Thanks for your swift responses and the valuable insights
On June 6th we encountered an issue in which our PMM Server pod experienced an OOMKilled error and was down for approximately 7 to 8 minutes. What we observed was a clear gap in our metrics during this downtime, and despite our PMM agents being on v3.1.0 (where buffering is enabled by default), they didn’t appear to push the historical data back once the server came online.
What’s particularly puzzling is that when we examined the vmagent_remotewrite_pending_data_bytes metric across all our database instances during the incident, it consistently showed 0. This was quite unexpected, as I was anticipating some pending data if local caching was actively occurring.

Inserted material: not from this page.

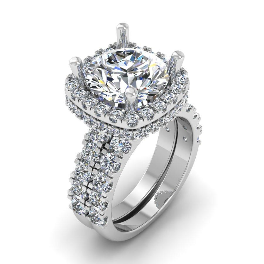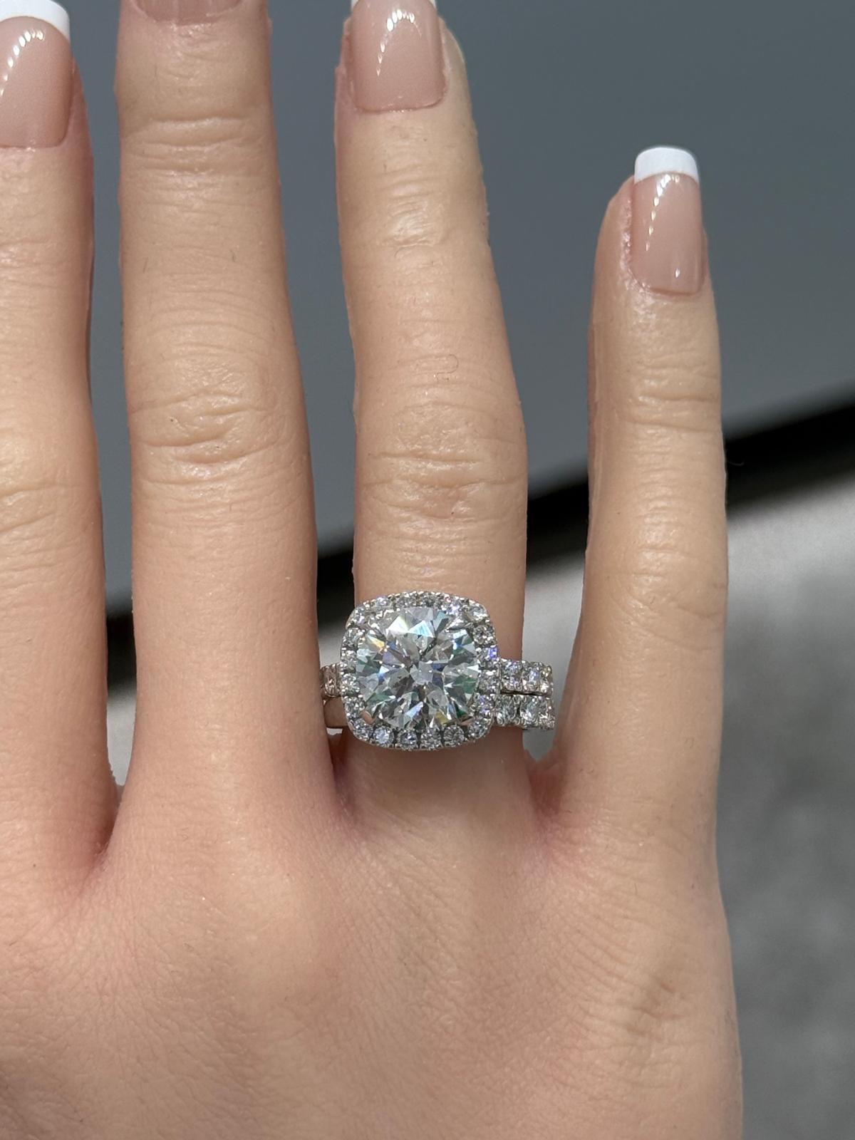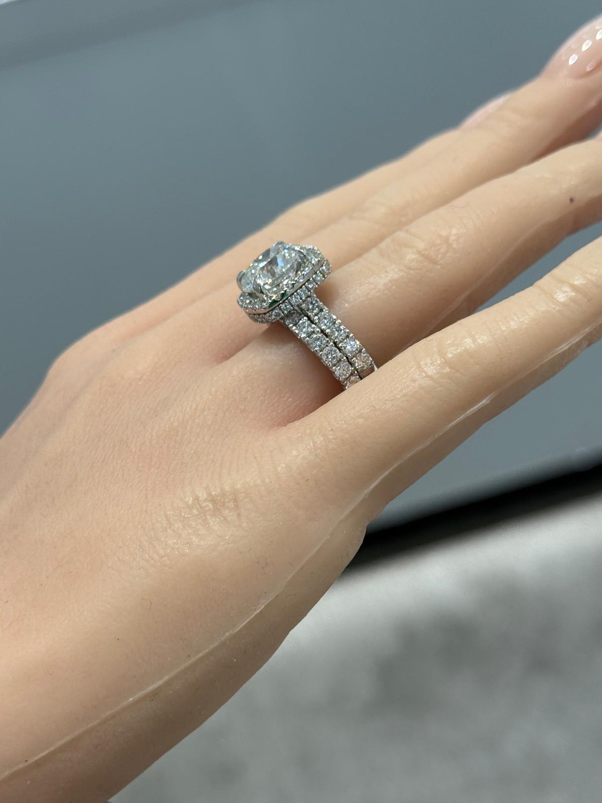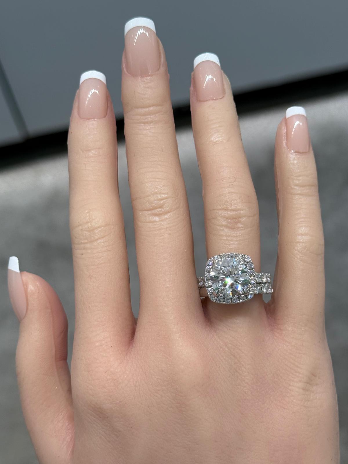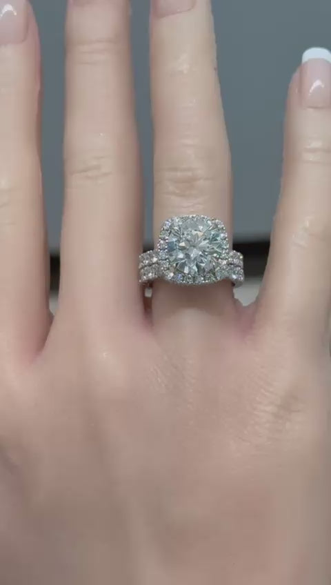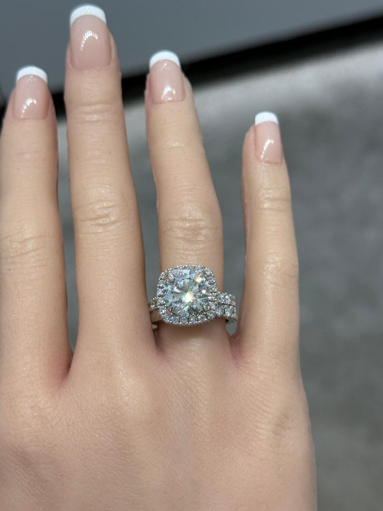 14KT White Gold 7CTW Custom Lab Diamond Bridal Ring-IGI Certified

Our pmm-agent logs from that period also showed repeated connection errors, such as: time=“2025-06-06T08:38:21.525-07:00” level=error msg=“Failed to connect to pmm-server:443: timeout.” component=client
Considering both the vmagent_remotewrite_pending_data_bytes remaining at 0 and the agent logs indicating connection timeouts, it suggests that the local caching mechanism wasn’t actively buffering the data during the server outage.
We’re trying to understand if we might be missing a specific configuration. Any thoughts on why the buffered metrics weren’t sent once the PMM server was back online would be greatly appreciated as we troubleshoot this further.